In 1988 Bruce Parry became a Royal Marines officer at the age of 18. He served in arctic Norway and was sent to Kurdistan to manage the refugees fleeing Saddam Hussein in the first Iraq war.
Back in England, Bruce Parry became the Royal Marines' youngest ever Physical Training and Sports Officer and he became head, at just 23, of all physical aspects of British Commando Training. However, it was making expedition and conservation trips that satisfied Bruce Parry most. His trips included, for example, journeys to Borneo, Surinam and Sumatra. He also climbed Mont Blanc.

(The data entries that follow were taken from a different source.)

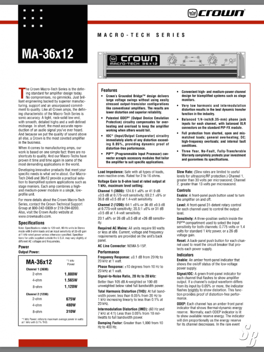 FEATURES: CROWN MACRO TECH 36 X 12 AMPLIFIER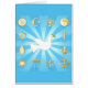 Gold symbols of international religions surround the World of Peace with a Dove on a sky blue ray background. Customize with your text. The mandala highlights twelve religious icons that express the global diversity of spiritual beliefs and harmony: Clockwise: Christianity, Hindu, Taoism, Baha’i, Buddhism, Jain, Shinto, Confucianism, Native Spirituality Medicine Wheel, Judaism, Sikh, Islam. *****Note gold colour is not metallic.*****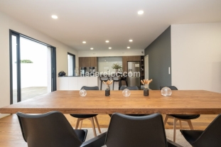 Un salon disposant d’une grande télévision, ouvert sur la salle à manger pouvant accueillir 8 convives, avec un accès direct à la terrasse par une large baie vitrée.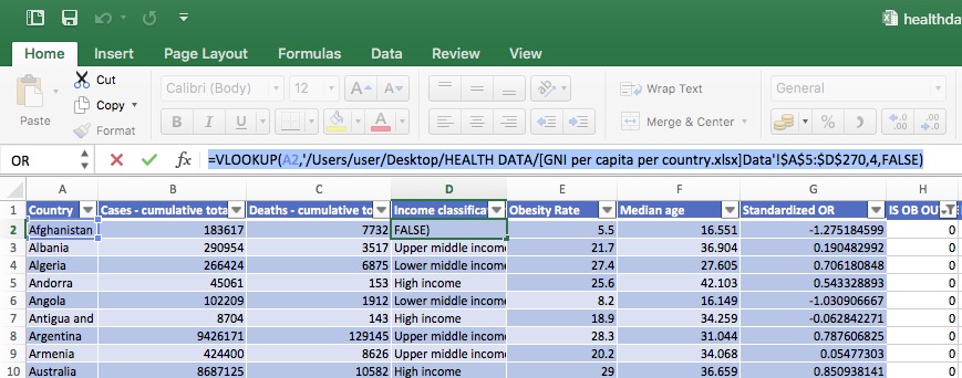 Using Excel pivot tables and charts the data was quickly grouped into 4 World Bank income classifications.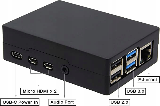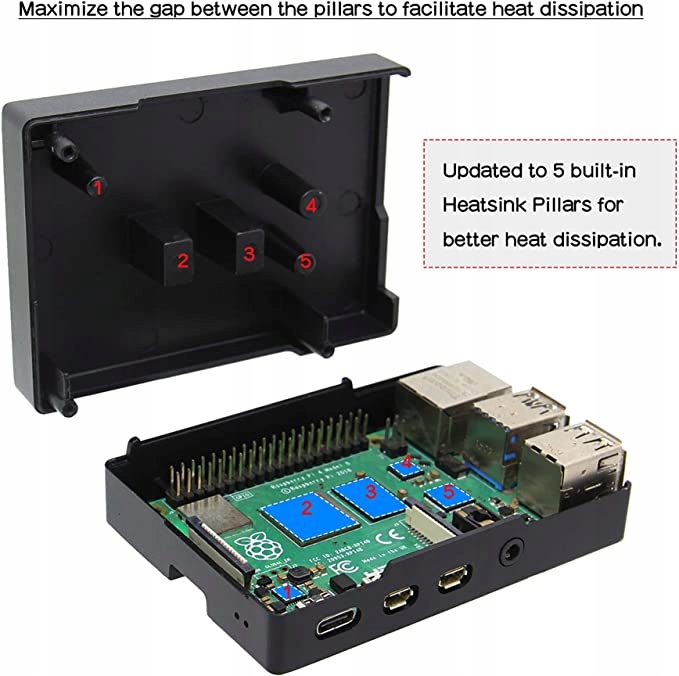 Geekworm Raspberry Pi 4 aluminiowa obudowa z pasywnym chłodzeniem dla Raspberry Pi 4B (2 GB/4 GB/8 GB); Dobre odprowadzanie ciepła - pasywna konstrukcja chłodzenia, nie wymaga instalowania wentylatora ani radiatora, zawiera 5 taśm termicznych do podłączenia do procesora, pamięci RAM i układu USB Raspberry Pi 4 dla lepszej przewodności cieplnej, z 4 gumowymi podkładkami na nóżki przymocuj do spodu obudowy Wykonany z wysokiej jakości materiału aluminiowego, z nadbudową kolumnową konstrukcją górnej pokrywy, 5 kolumn kontaktowych z Raspberry Pi 4 (CUP, RAM i układ USB) poprzez przekładki termiczne do przenoszenia ciepła na aluminiową obudowę i ochrony Raspberry Pi 4 przed problemem przegrzania. Dostęp do wszystkich portów Raspberry Pi 4 Model B, interfejs kabla GPIO jest zarezerwowany, obsługa instalacji kabla GPIO. Raspberry Pi 4 Model B nie znajduje się na liście pakowania.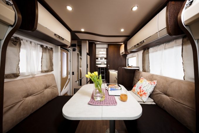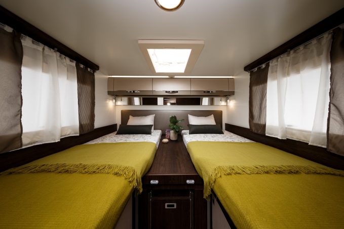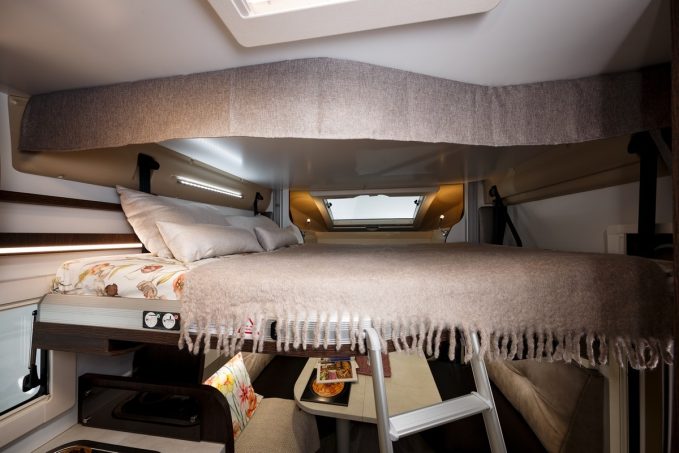 Parmi les nombreuses nouveautés de printemps, Benimar a décidé de se distinguer. Ce début de saison marque l’arrivée d’un véhicule totalement inédit pour la marque espagnole. Ce camping-car est à mettre au crédit de la série Tessoro avec le lancement prometteur d’un profilé de 7,43 m de longueur. A son bord, ce profilé joue la carte du salon face-face, mais l'associe pour l'occasion à des lits jumeaux en chambre arrière. Le coin repas profite donc de banquettes en vis-à-vis et se voit surmonté, en prime, d'un lit de pavillon double. Le constructeur revendique des cotes de 160 x 200 cm, avec un dispositif électrique de série pour l'abaisser ou le remonter. En partie arrière, la chambre reçoit des couchages indépendants de 85 x 190 cm chacun. Sous le sommier se trouve une grande soute garage accessible depuis l’extérieur, mais aussi par une trappe intérieure.

Bruce Parry made his television breakthrough with Cannibals and Crampons, where he and cavalry officer Mark Anstice climbed a remote peak in Papua New Guinea and spent three months kayaking through swamp and trekking through jungles to get to the mountain. Parry and Anstice found uncontested peoples during the expedition. Cannibals and Crampons were bought by the BBC and became part of the BBC One series Extreme Lives, and won various awards. More documentaries followed, including on Children's BBC (CBBC), Serious Desert and Serious Jungle. Serious Jungle won an RTS and Serious Desert won a BAFTA award. In 2004, BBC Wales were commissioned to make a series for BBC 2 about indigenous peoples around the world. This series, presented by Bruce Parry, became known as Tribe, a huge popular and critical hit, and further series of Tribe followed.
"I could be accused of being a wannabe tribesman, of wanting to be a tribal dude, but that is not how I see it. I see it as me doing what they wanted me to do, showing them respect and hanging out with them. And they loved it...”
As well as presenting the BBC's Tribe, Bruce Parry went on a three month trek over Greenland following in the footsteps of Captain Scott in 1911 in BBC2's Blizzard: Race to the Pole. Additionally, Bruce Parry travelled the length of the Amazon for a BBC Two series shown in autumn 2008. In 2010, the BBC revealed that Bruce Parry was to return to BBC Two in a five-part series Arctic, in which he engages with the indigenous people of the region.